» **TASK PROMPT**:
Only the lines from the one with "KINSEY BELL SLEEVE TOP(BLACK)- VT2439" through the last line of the material below belong in the answer, copied exactly and without pictures.

» **AVAILABLE DATA**:

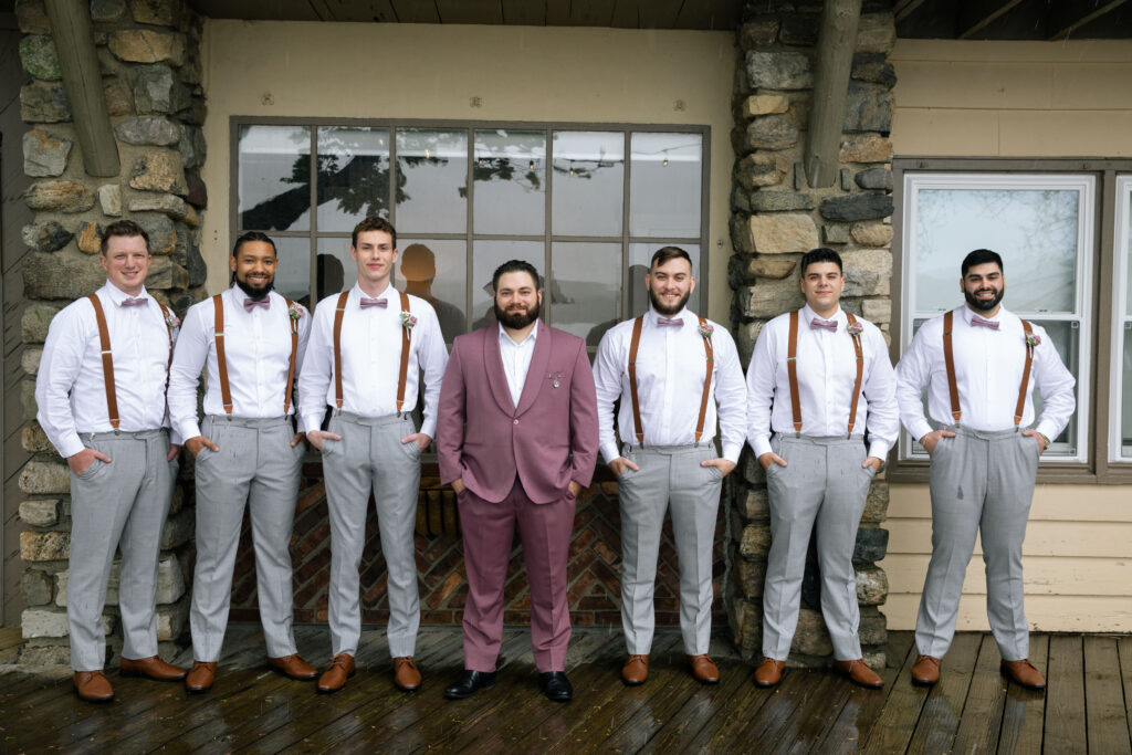 For their May 5, 2024, wedding, “we had more of a rustic theme,” says Jacalyn. “No flowers, all succulents besides the boutonniere and corsages. Our color palette was dusty rose, vintage mauve and green. The groom was in a dusty rose suit while the groomsmen were in grey pants, a white button up and suspenders and the bridesmaids matched the groom. Our favors were a to-go station of chicken fingers, French fries and pizza bagels. Our tables were mixed with round and barn tables so we had two different centerpieces. The barn tables had dusty rose pink cloth going down the center with greenery on top and candles and the round tables had wooden lanterns with greenery on top.”
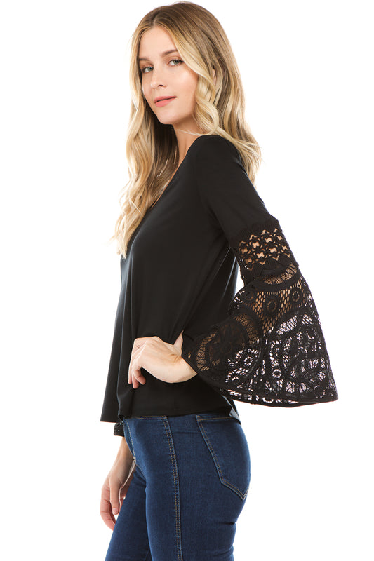 KINSEY BELL SLEEVE TOP(BLACK)- VT2439
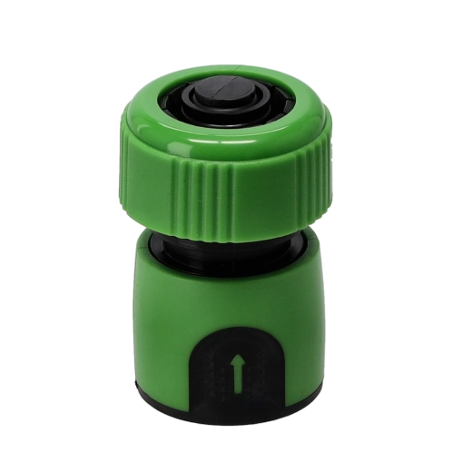 Universele 3/4" snelkoppeling van duurzaam kunststof voor het eenvoudig aansluiten van een tuinslang op kraan, sproeier of spuitpistool. De geïntegreerde STOP-functie maakt het mogelijk accessoires te wisselen zonder de watertoevoer af te sluiten, terwijl het anti-slip TPE-oppervlak zorgt voor een zekere grip en comfortabele bediening.

» **SOLUTION TO THE EXERCISE**:
 KINSEY BELL SLEEVE TOP(BLACK)- VT2439
 Universele 3/4" snelkoppeling van duurzaam kunststof voor het eenvoudig aansluiten van een tuinslang op kraan, sproeier of spuitpistool. De geïntegreerde STOP-functie maakt het mogelijk accessoires te wisselen zonder de watertoevoer af te sluiten, terwijl het anti-slip TPE-oppervlak zorgt voor een zekere grip en comfortabele bediening.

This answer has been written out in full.